[Collected data]:
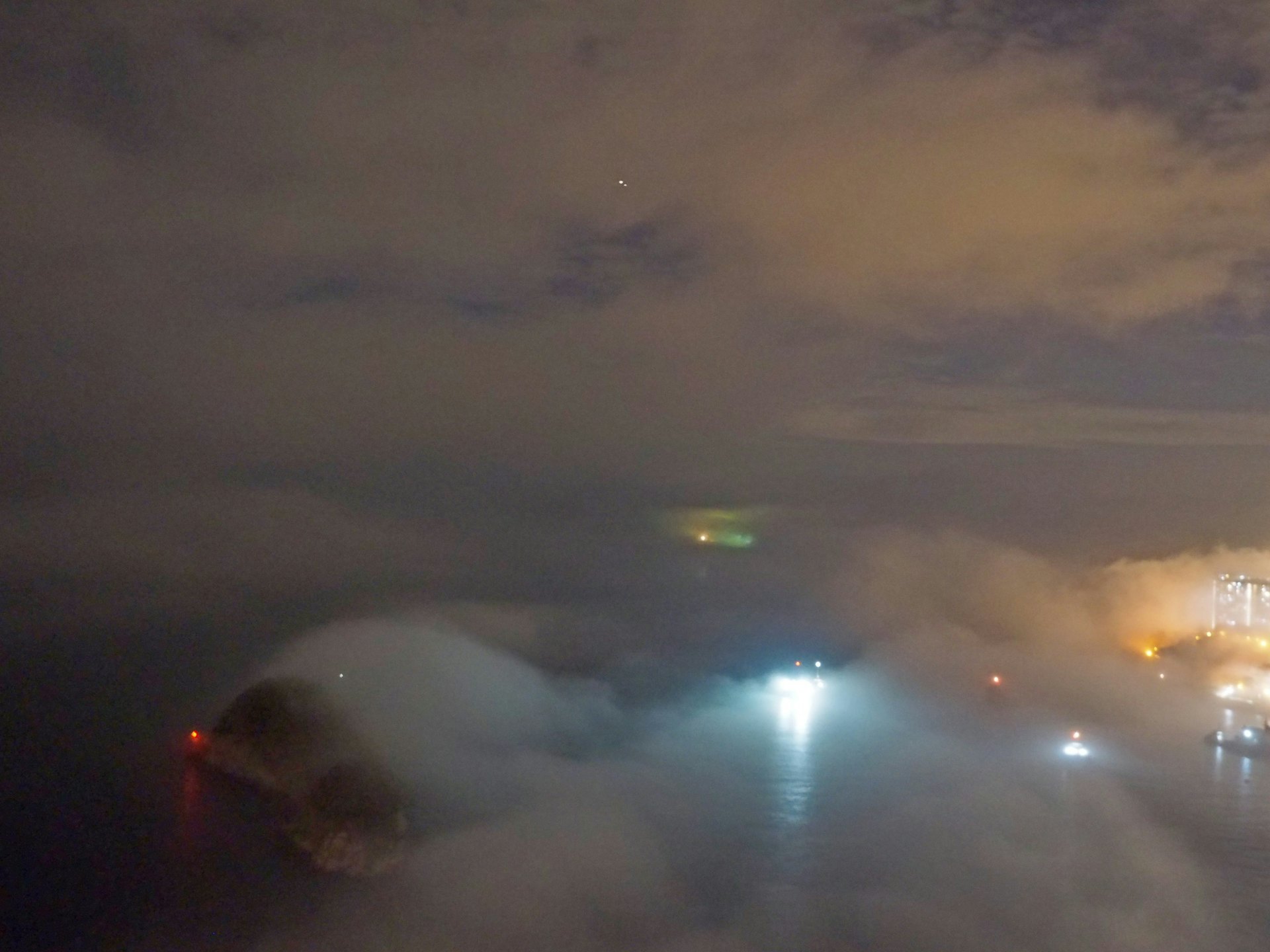 3月2日一場大海霧由下午延續至晚上,維港晚上濃霧,船上的燈光更迷離。(何瑞芬攝)5.39.217.76* W. E: J$ H4 |2 T7 X3 J& Q
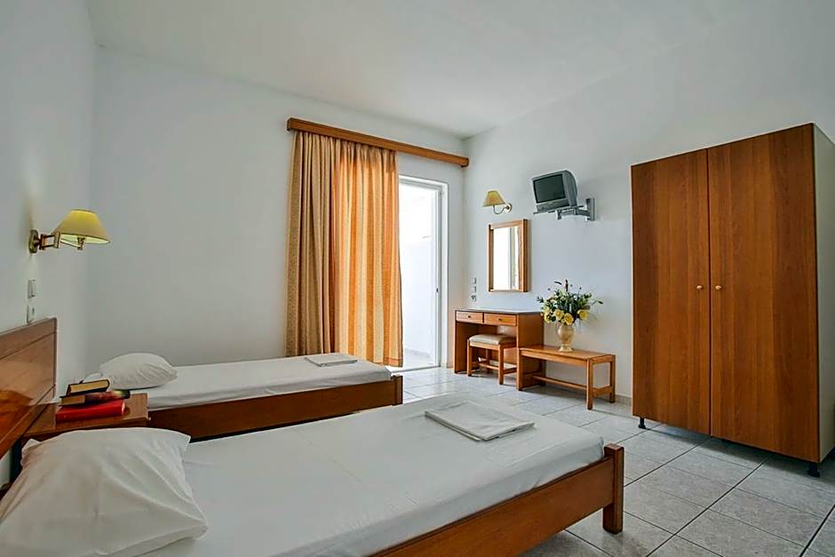 Pool bar/restaurant staff was very friendly and positive. Food altogether was of really good quality (large portions!) and breakfast had nice wide choice to select from for a 3 star hotel. Breakfast/dinner restaurant and reception building was very clean, pleasant place to be in (sharp contrast to the the rooms we had). Rooms had powerful AC's. Beds are comfortable. Pool area is small but functional and sufficient. Location is awesome - close to beach (incl to Sea Shuttle stop to Rhodes city), around the corner goes the main street with restaurants, moto rentals, etc.
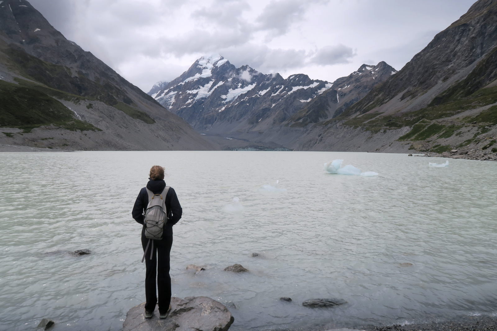 Elise en contemplation devant le lac Hooker
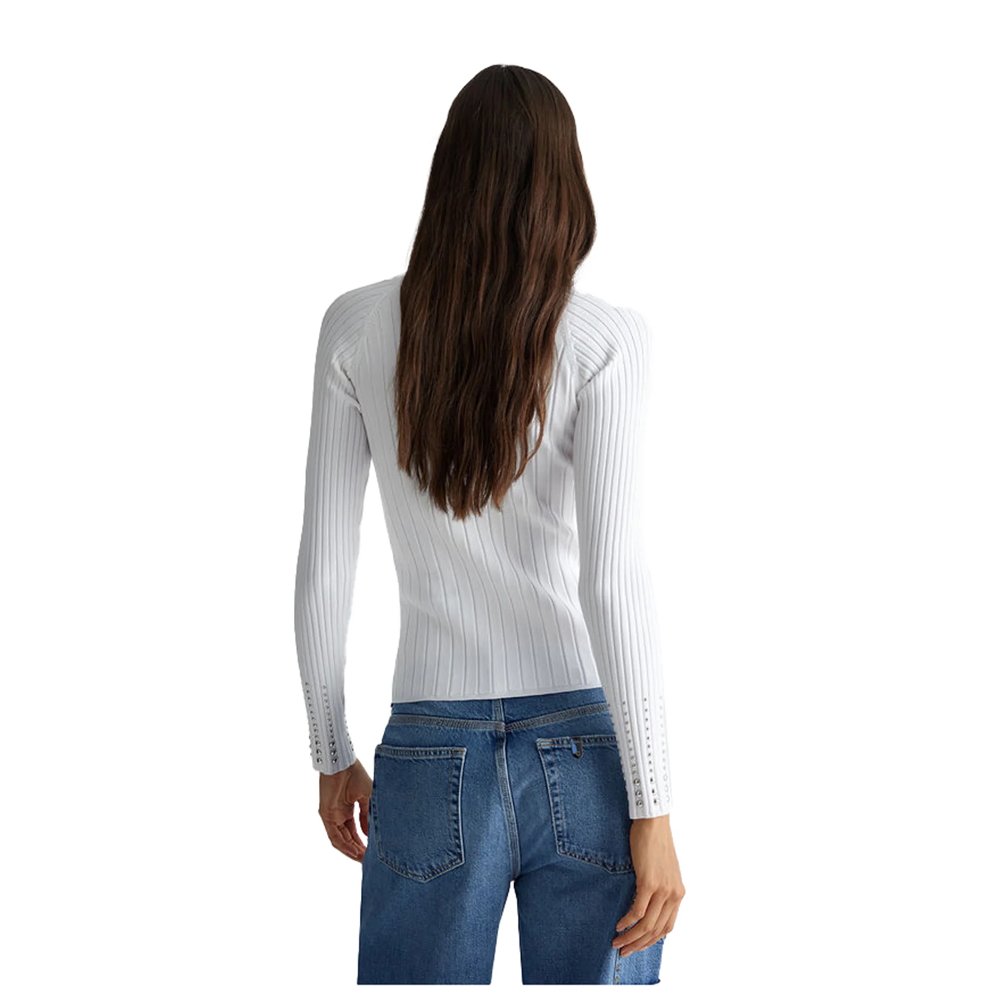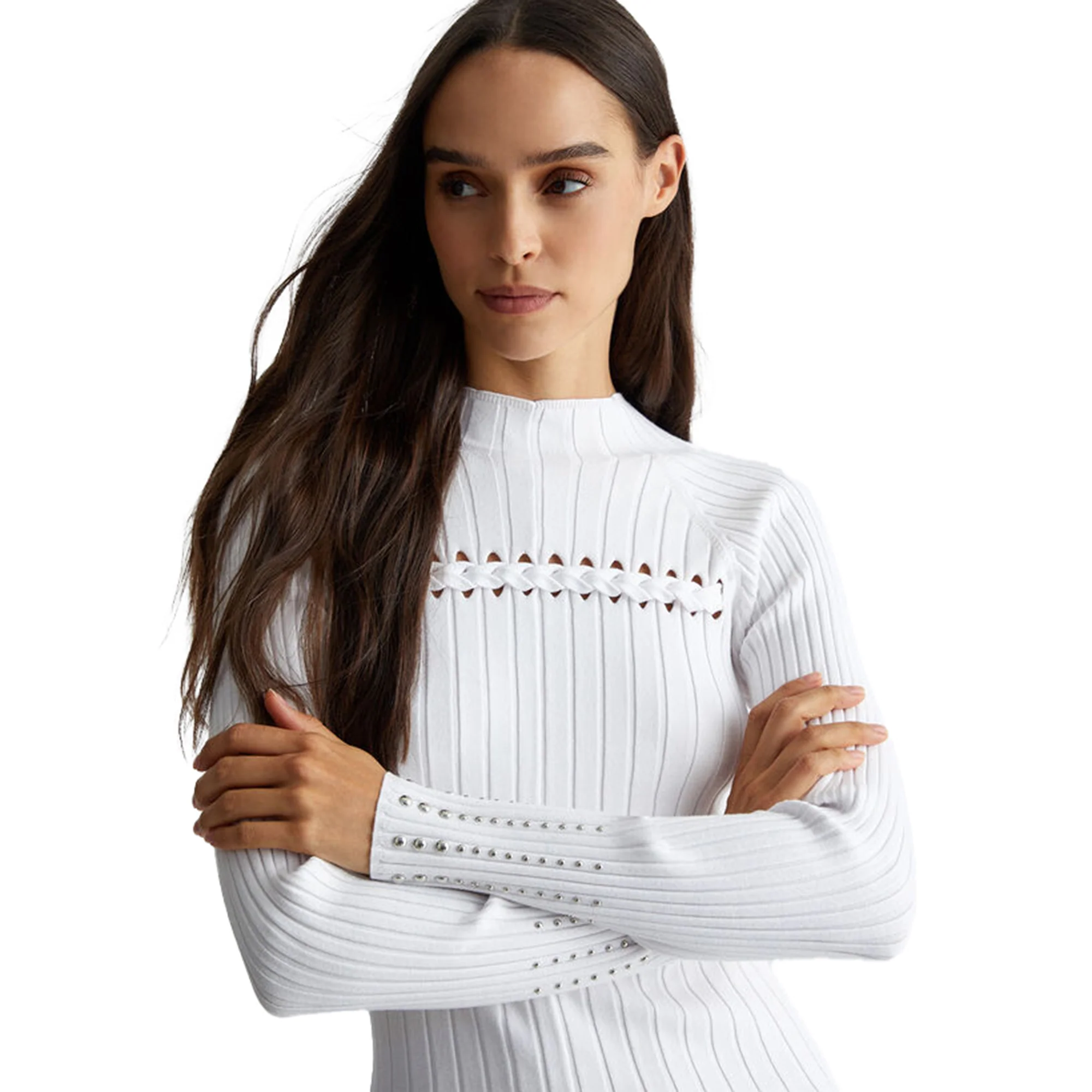 Aggiungi un tocco di raffinatezza al tuo look con questa Maglia da donna bianca di Liu Jo. La vestibilità slim fit e la lavorazione a coste la rendono comoda da indossare, mentre le borchie applicate e il motivo treccia la rendono unica e alla moda. Ideale per distinguersi senza perdere stile e delicatezza.

[Task brief]: Leaving every picture out, please copy exactly the lines from the one holding "Elise en contemplation devant le lac Hooker" through the last line of the listing, both ends included.

[Task answer]:
 Elise en contemplation devant le lac Hooker
 Aggiungi un tocco di raffinatezza al tuo look con questa Maglia da donna bianca di Liu Jo. La vestibilità slim fit e la lavorazione a coste la rendono comoda da indossare, mentre le borchie applicate e il motivo treccia la rendono unica e alla moda. Ideale per distinguersi senza perdere stile e delicatezza.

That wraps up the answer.